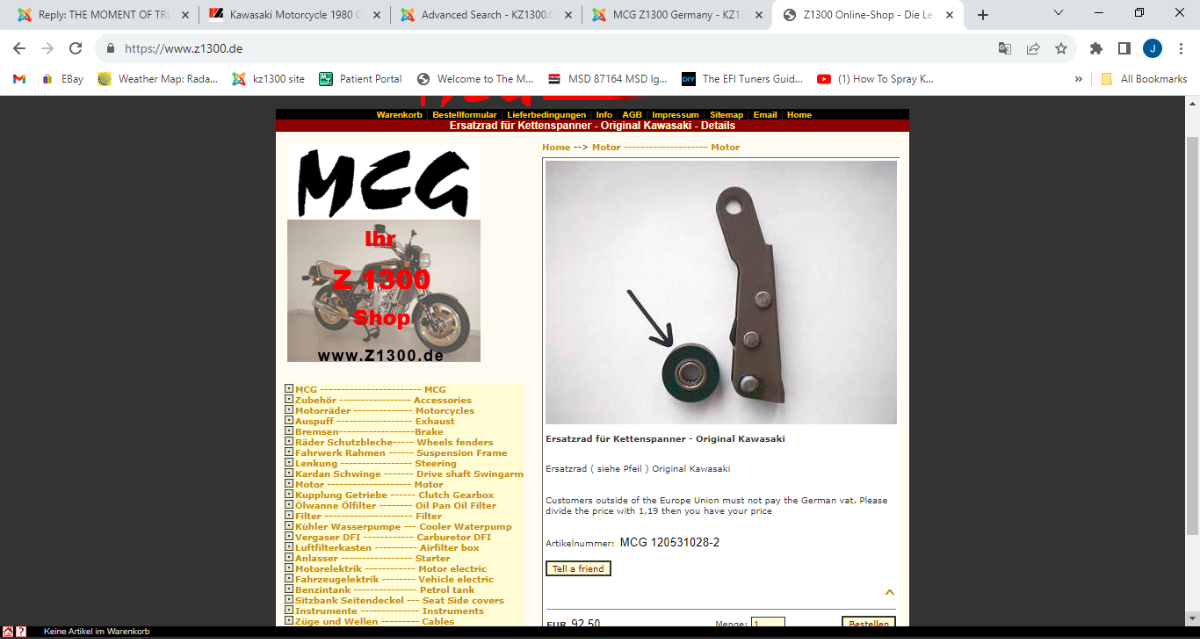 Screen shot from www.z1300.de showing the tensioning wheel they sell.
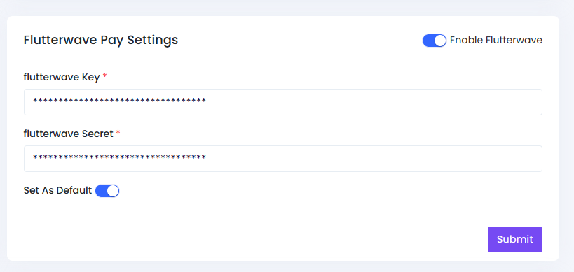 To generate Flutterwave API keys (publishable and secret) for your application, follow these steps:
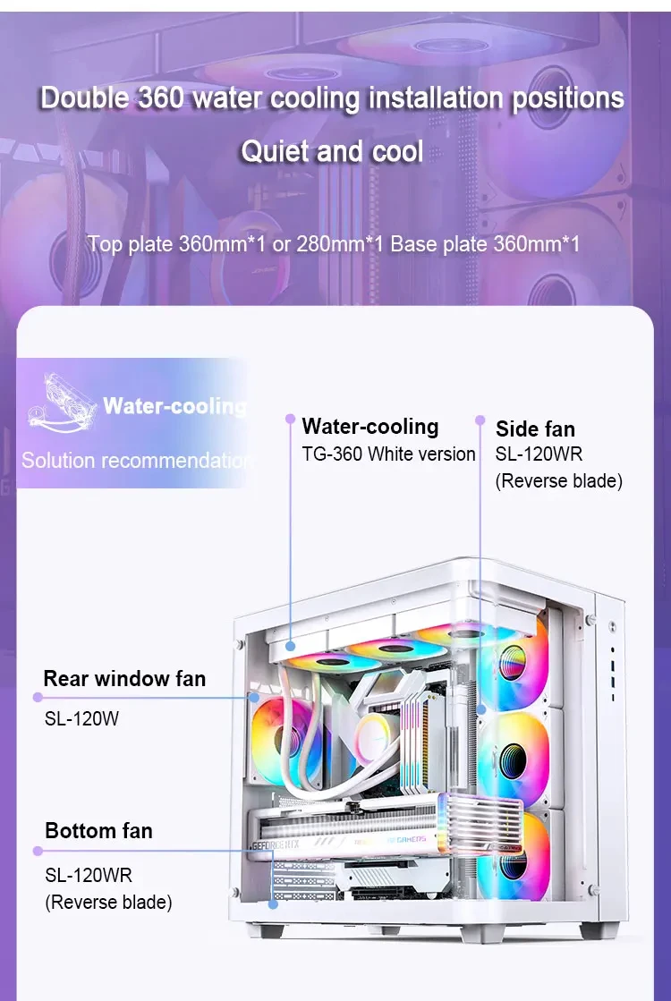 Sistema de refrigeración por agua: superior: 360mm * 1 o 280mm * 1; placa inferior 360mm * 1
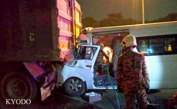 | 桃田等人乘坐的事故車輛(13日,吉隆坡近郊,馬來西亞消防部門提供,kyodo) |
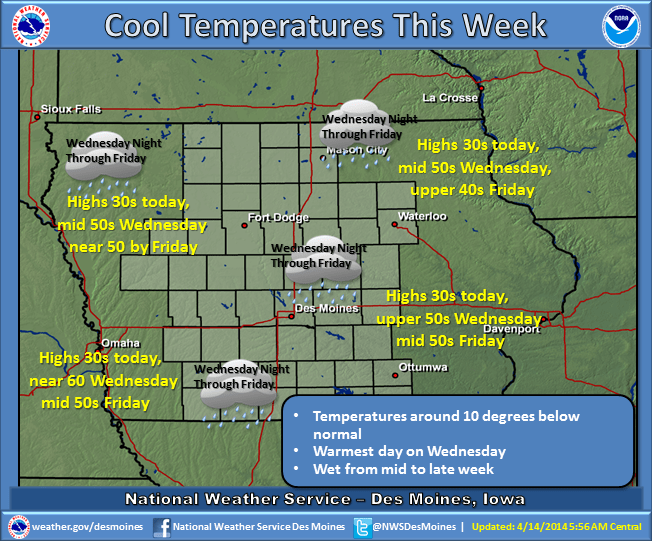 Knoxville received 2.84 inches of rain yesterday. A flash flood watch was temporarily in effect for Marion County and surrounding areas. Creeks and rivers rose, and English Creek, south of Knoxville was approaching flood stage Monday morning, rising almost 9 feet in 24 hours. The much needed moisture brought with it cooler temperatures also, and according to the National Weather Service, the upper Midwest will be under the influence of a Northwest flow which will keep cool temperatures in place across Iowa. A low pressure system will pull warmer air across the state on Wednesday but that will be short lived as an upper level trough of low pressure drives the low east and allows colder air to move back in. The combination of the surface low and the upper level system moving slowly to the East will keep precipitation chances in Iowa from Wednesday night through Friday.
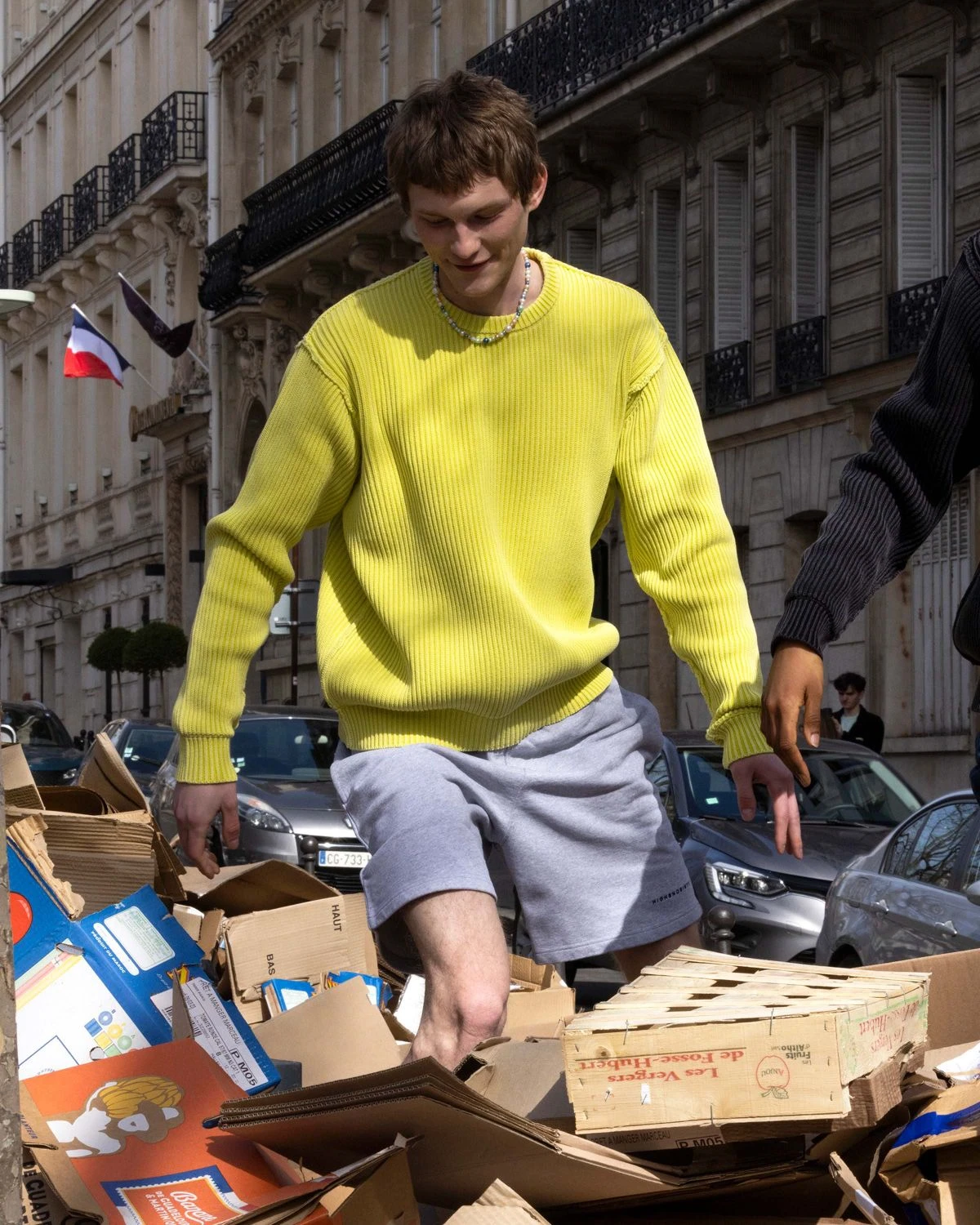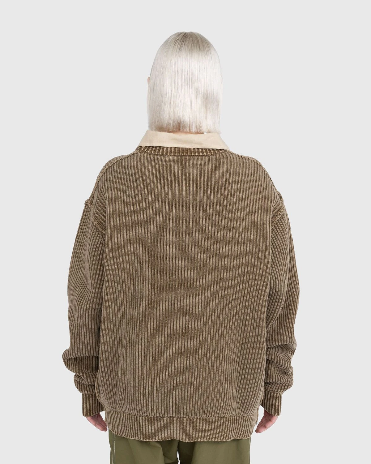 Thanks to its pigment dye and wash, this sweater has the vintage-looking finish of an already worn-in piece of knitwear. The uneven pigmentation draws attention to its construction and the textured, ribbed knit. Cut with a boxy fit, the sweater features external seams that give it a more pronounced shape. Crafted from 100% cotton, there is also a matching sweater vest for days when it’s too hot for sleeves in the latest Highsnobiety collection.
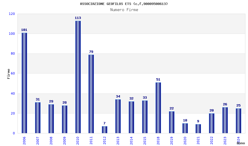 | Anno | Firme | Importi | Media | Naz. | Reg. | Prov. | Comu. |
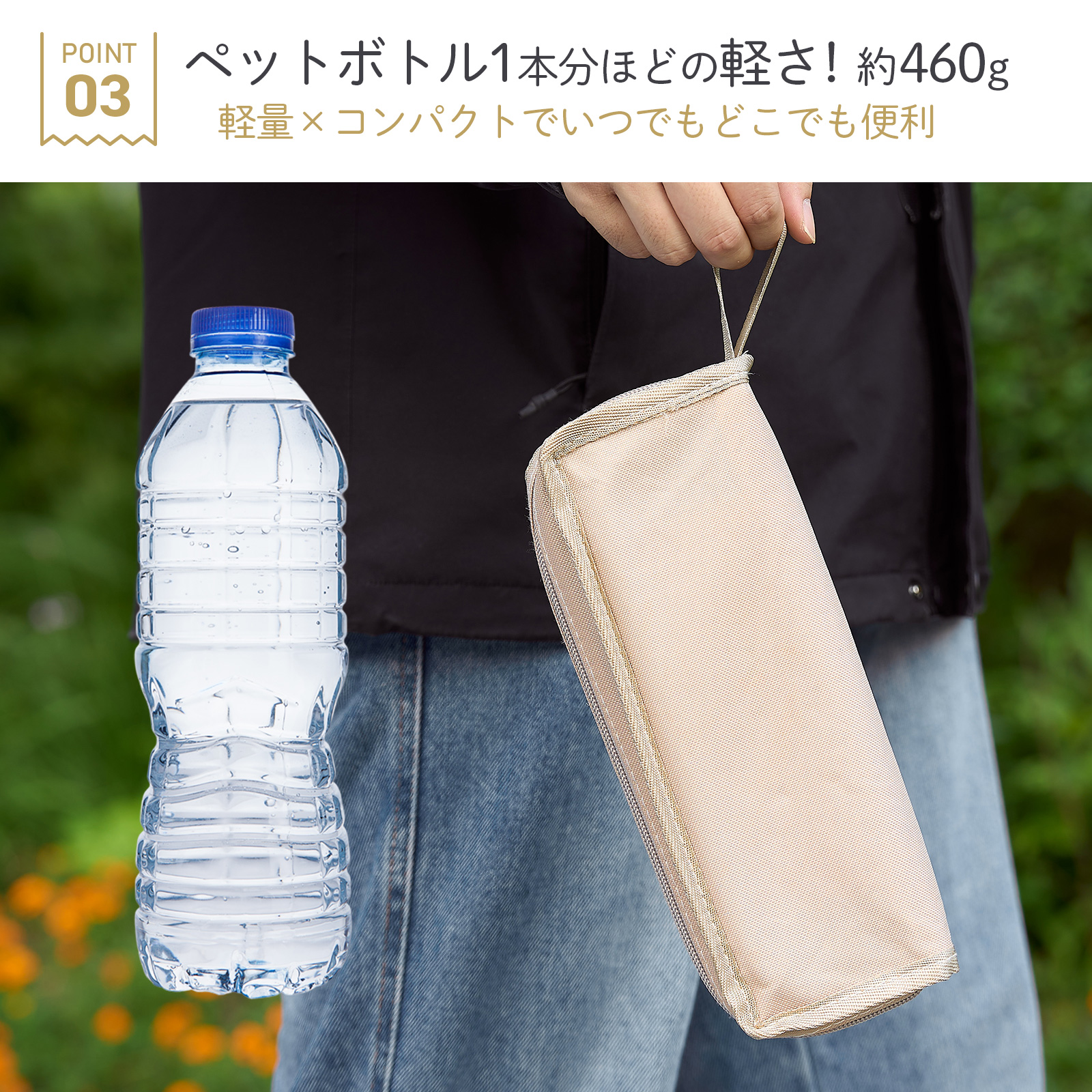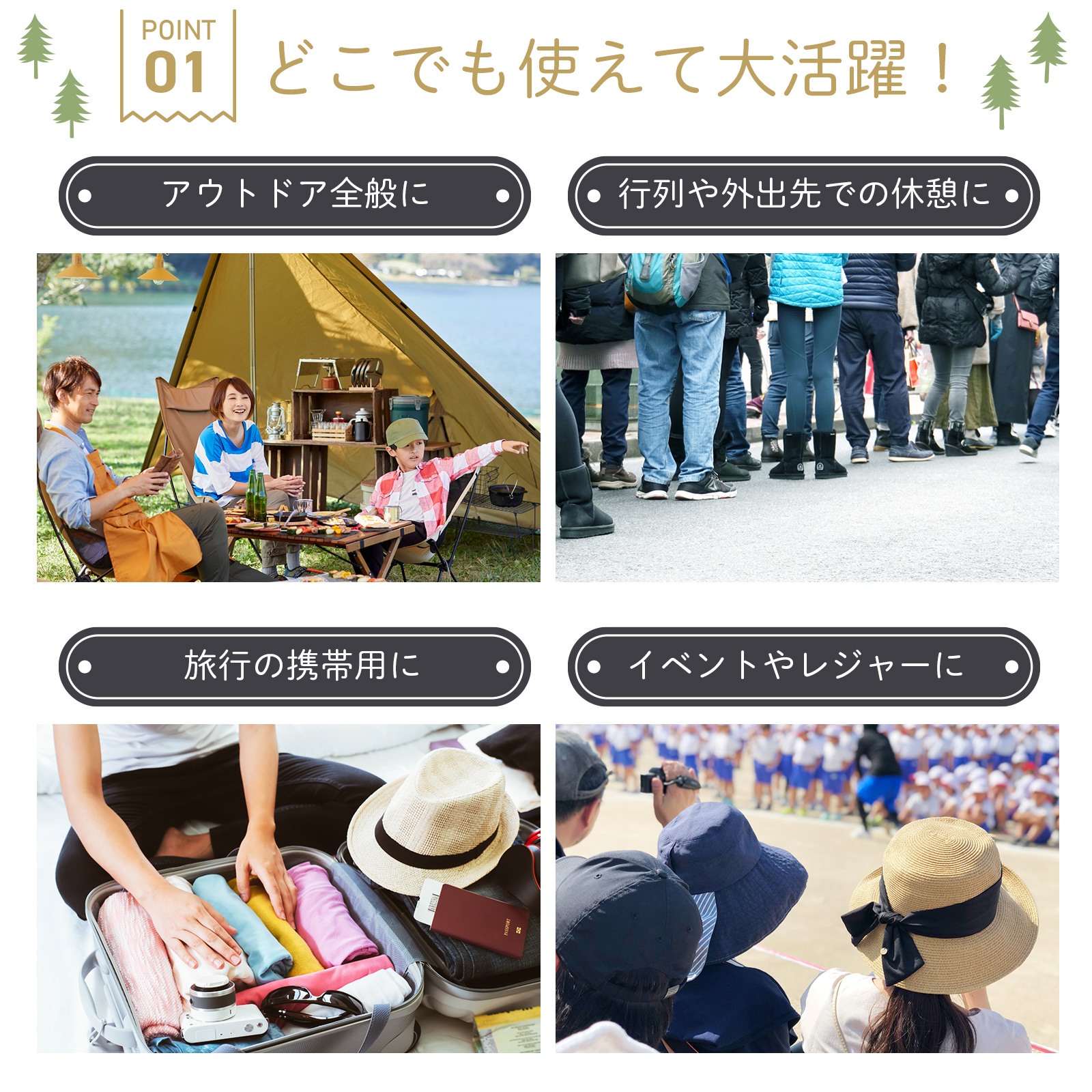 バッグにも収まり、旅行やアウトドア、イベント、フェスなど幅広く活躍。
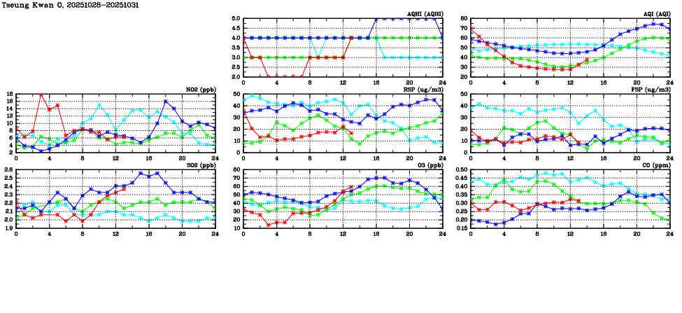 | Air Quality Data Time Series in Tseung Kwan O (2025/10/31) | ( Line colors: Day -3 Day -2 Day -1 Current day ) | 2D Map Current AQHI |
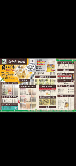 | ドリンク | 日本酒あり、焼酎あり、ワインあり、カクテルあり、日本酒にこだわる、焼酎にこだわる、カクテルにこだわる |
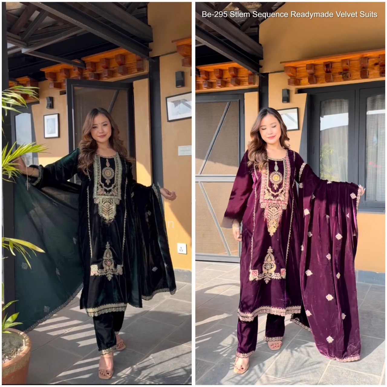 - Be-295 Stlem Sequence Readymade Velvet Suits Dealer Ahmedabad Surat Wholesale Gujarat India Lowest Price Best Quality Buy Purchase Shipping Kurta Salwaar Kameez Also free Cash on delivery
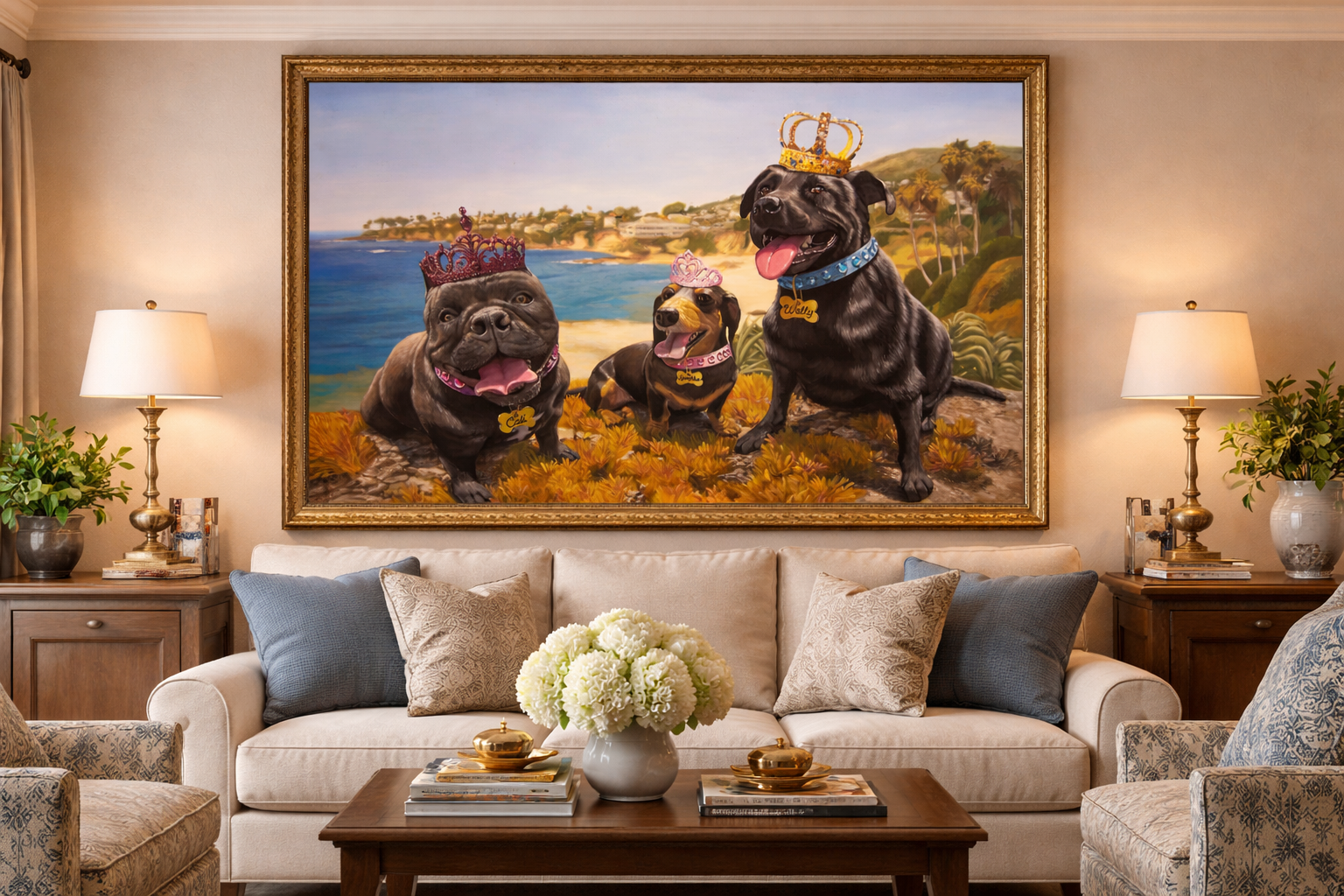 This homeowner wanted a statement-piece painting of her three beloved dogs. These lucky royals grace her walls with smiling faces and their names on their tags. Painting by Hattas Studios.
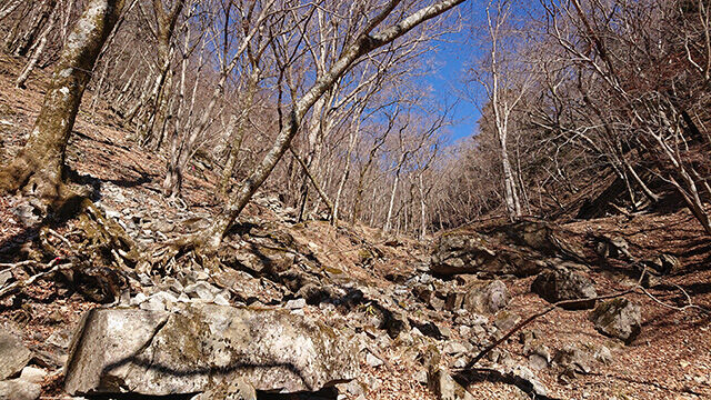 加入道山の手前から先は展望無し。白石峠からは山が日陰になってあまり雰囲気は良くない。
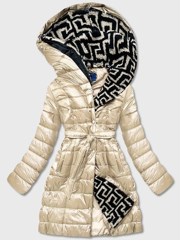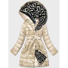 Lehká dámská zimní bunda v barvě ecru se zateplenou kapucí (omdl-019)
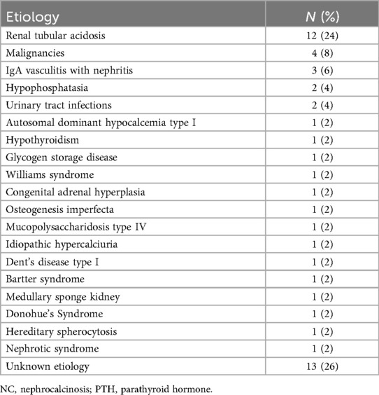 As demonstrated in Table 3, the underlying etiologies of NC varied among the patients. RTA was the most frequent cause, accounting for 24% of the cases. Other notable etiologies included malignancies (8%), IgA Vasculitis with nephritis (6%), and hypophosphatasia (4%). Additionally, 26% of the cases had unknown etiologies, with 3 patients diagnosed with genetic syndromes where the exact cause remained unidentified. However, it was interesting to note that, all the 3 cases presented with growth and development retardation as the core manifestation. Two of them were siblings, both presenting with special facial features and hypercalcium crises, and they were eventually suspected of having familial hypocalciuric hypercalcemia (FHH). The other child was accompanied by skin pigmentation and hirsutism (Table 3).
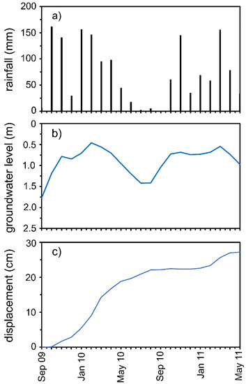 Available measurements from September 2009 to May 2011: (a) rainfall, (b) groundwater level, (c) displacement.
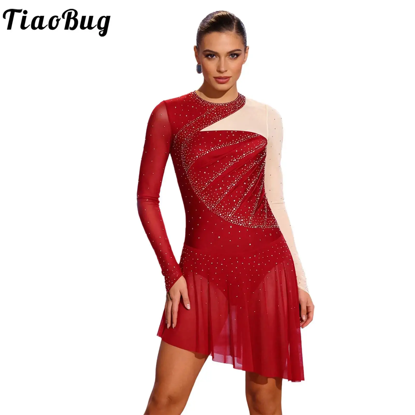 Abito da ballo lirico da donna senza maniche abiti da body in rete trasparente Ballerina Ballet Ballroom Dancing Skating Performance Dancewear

━━━━━━━━━━━━━━━━

**Work order:** Each record must be repeated exactly, and no picture may be carried over.

**Solution:**
 Screen shot from www.z1300.de showing the tensioning wheel they sell.
 To generate Flutterwave API keys (publishable and secret) for your application, follow these steps:
 Sistema de refrigeración por agua: superior: 360mm * 1 o 280mm * 1; placa inferior 360mm * 1
 | 桃田等人乘坐的事故車輛(13日,吉隆坡近郊,馬來西亞消防部門提供,kyodo) |
 Knoxville received 2.84 inches of rain yesterday. A flash flood watch was temporarily in effect for Marion County and surrounding areas. Creeks and rivers rose, and English Creek, south of Knoxville was approaching flood stage Monday morning, rising almost 9 feet in 24 hours. The much needed moisture brought with it cooler temperatures also, and according to the National Weather Service, the upper Midwest will be under the influence of a Northwest flow which will keep cool temperatures in place across Iowa. A low pressure system will pull warmer air across the state on Wednesday but that will be short lived as an upper level trough of low pressure drives the low east and allows colder air to move back in. The combination of the surface low and the upper level system moving slowly to the East will keep precipitation chances in Iowa from Wednesday night through Friday.
 Thanks to its pigment dye and wash, this sweater has the vintage-looking finish of an already worn-in piece of knitwear. The uneven pigmentation draws attention to its construction and the textured, ribbed knit. Cut with a boxy fit, the sweater features external seams that give it a more pronounced shape. Crafted from 100% cotton, there is also a matching sweater vest for days when it’s too hot for sleeves in the latest Highsnobiety collection.
 | Anno | Firme | Importi | Media | Naz. | Reg. | Prov. | Comu. |
 バッグにも収まり、旅行やアウトドア、イベント、フェスなど幅広く活躍。
 | Air Quality Data Time Series in Tseung Kwan O (2025/10/31) | ( Line colors: Day -3 Day -2 Day -1 Current day ) | 2D Map Current AQHI |
 | ドリンク | 日本酒あり、焼酎あり、ワインあり、カクテルあり、日本酒にこだわる、焼酎にこだわる、カクテルにこだわる |
 - Be-295 Stlem Sequence Readymade Velvet Suits Dealer Ahmedabad Surat Wholesale Gujarat India Lowest Price Best Quality Buy Purchase Shipping Kurta Salwaar Kameez Also free Cash on delivery
 This homeowner wanted a statement-piece painting of her three beloved dogs. These lucky royals grace her walls with smiling faces and their names on their tags. Painting by Hattas Studios.
 加入道山の手前から先は展望無し。白石峠からは山が日陰になってあまり雰囲気は良くない。
 Lehká dámská zimní bunda v barvě ecru se zateplenou kapucí (omdl-019)
 As demonstrated in Table 3, the underlying etiologies of NC varied among the patients. RTA was the most frequent cause, accounting for 24% of the cases. Other notable etiologies included malignancies (8%), IgA Vasculitis with nephritis (6%), and hypophosphatasia (4%). Additionally, 26% of the cases had unknown etiologies, with 3 patients diagnosed with genetic syndromes where the exact cause remained unidentified. However, it was interesting to note that, all the 3 cases presented with growth and development retardation as the core manifestation. Two of them were siblings, both presenting with special facial features and hypercalcium crises, and they were eventually suspected of having familial hypocalciuric hypercalcemia (FHH). The other child was accompanied by skin pigmentation and hirsutism (Table 3).
 Available measurements from September 2009 to May 2011: (a) rainfall, (b) groundwater level, (c) displacement.
 Abito da ballo lirico da donna senza maniche abiti da body in rete trasparente Ballerina Ballet Ballroom Dancing Skating Performance Dancewear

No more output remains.